Down Syndrome Awareness: Guest Post By Melissa
If you don’t know Melissa, she writes some of the most beautiful and thought-provoking things over at The Garden of My Heart. I’m really honored to have her as a guest poster here on my blog!
I’m an unabashed fan of Lisa. She has an important voice in the Ds community – a voice that I often wish was a bit louder, and more often heard. A friend of mine pointed me to Lisa’s blog when I was starting to really question a few things related to Rowenna’s diagnosis and was so happy to find someone who boldly put her beliefs out there.
So when she called for volunteers to guest blog this month I jumped at the chance. And then I sat down at my computer to write about Down syndrome and came up blank.
I panicked. I retooled some drafts I had sitting around. I started a half dozen new posts, only to come up with nothing but a few vague platitudes, and nothing that sounded like me, or represented my life with my daughter.
Finally, a friend pointed out that my lack of things to say was something to talk about. And she’s absolutely right.

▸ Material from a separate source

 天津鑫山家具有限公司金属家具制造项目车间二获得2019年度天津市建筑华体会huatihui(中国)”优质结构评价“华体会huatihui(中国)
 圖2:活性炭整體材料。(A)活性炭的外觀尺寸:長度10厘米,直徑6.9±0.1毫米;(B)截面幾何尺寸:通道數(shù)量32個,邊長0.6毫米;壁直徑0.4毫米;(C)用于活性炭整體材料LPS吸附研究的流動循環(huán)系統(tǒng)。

When my daughter was first born, I couldn’t see an end – an end to the sadness, the pain, the frustration. An end to grieving what I thought I lost. I started to blog and couldn’t imagine I would ever run out of questions to ask or statements to make about life with Down syndrome. I read all the books and read all the online forums. I lived in Down syndrome world, despite wanting my daughter’s diagnosis to be the least of her distinguishing characteristics.

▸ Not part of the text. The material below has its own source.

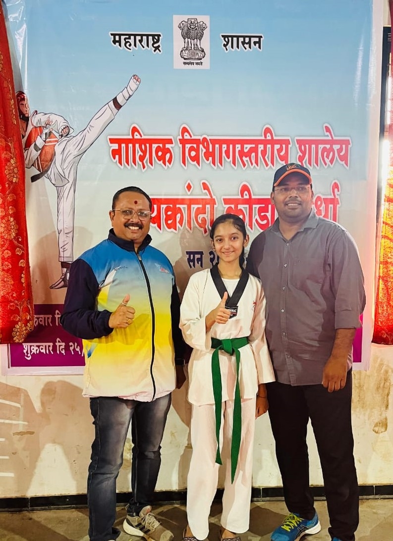 जळगाव ( वास्तव पोस्ट ) : क्रीडा व युवक सेवा संचालनालय महाराष्ट्र राज्य पुणे, जिल्हा क्रीडा कार्यालय नाशिक आणि जिल्हा क्रीडा परिषद यांच्या संयुक्त विद्यमाने सिन्नर येथे नाशिक विभागस्तरीय शालेय तायक्वांडो स्पर्धा आयोजित करण्यात आल्या होत्या. यामध्ये अनुभूती निवासी स्कूलची इयत्ता ८ वीची विद्यार्थीनी साची पाटील हिने १४ वर्ष वयोगटा खालील मुलींच्या ३२ ते ३५ वजनगटात भाग घेतला. यामध्ये तीन फेरांमध्ये प्रतिस्पर्धकांनी साची पाटील हिने एकतर्फे मात दिली. जळगाव मनपा ३२-१०, नाशिक मनपा २६-२०, नाशिक ग्रामीण २४-२० ह्यांच्यावर तिने विजय मिळविला. या विजयामुळे तिला सुवर्ण पदकाने सन्मानित करण्यात आले. तिची निवड पुणे बालेवाडी येथे दि.२८ ते ३१ ऑक्टोबर ला होणाऱ्या राज्यस्तरीय शालेय स्पर्धेसाठी निवड झाली आहे. तिला प्रशिक्षक जयेश बाविस्कर (एनआयएस) यांनी मार्गदर्शन केले.

But here I am and Down syndrome has become background music. It enters my life when I choose – when I read a favorite blog, when I work with her preschool teacher on an accommodation, when I raise my voice and advocate at the state capital. It doesn’t rear up anymore, or pop out when least expected. Things that used to bring me to my knees are now things to either brush off or stop to mull over, but rarely is anything the punch to the gut it used to be. Time changes my relationship to the diagnosis, and there’s no way around it – only going through it.
There are days still when I wish she could communicate a little more (words, signs, communication device, whatever she wants) because I am just dying to hear what’s on her mind and I wish she could tell me what hurts. There are a few extra doctor appointments, and definitely extra lab work that makes me worry until the results come back. I also know there will be stumbling blocks ahead – especially around life transitions like starting school.
But the day-to-day? It’s just not right in my face anymore. The things we do are run-of-the-mill. We take walks, we read books, we buy groceries. People have all but stopped asking if she has Down syndrome. Maybe I’m just not wearing it on my face anymore – that slightly strained expression I wore around that said “accept my child!” – or maybe I’ve stopped noticing if people do a double-take.
Like I said, it’s background music. I turn the volume up from time to time because I genuinely love and respect the parents I have met and want to hear about what’s happening in their lives or because my daughter occasionally presents a bit of a puzzle so I read up on what she’s doing to better understand how to support her.
So for this Down syndrome awareness month here’s what I hope to leave behind: be patient with yourself. Time changes your relationship to the diagnosis. Some days it’s loud and discordant and you can’t imagine life will ever be different; some days it’s just in the background.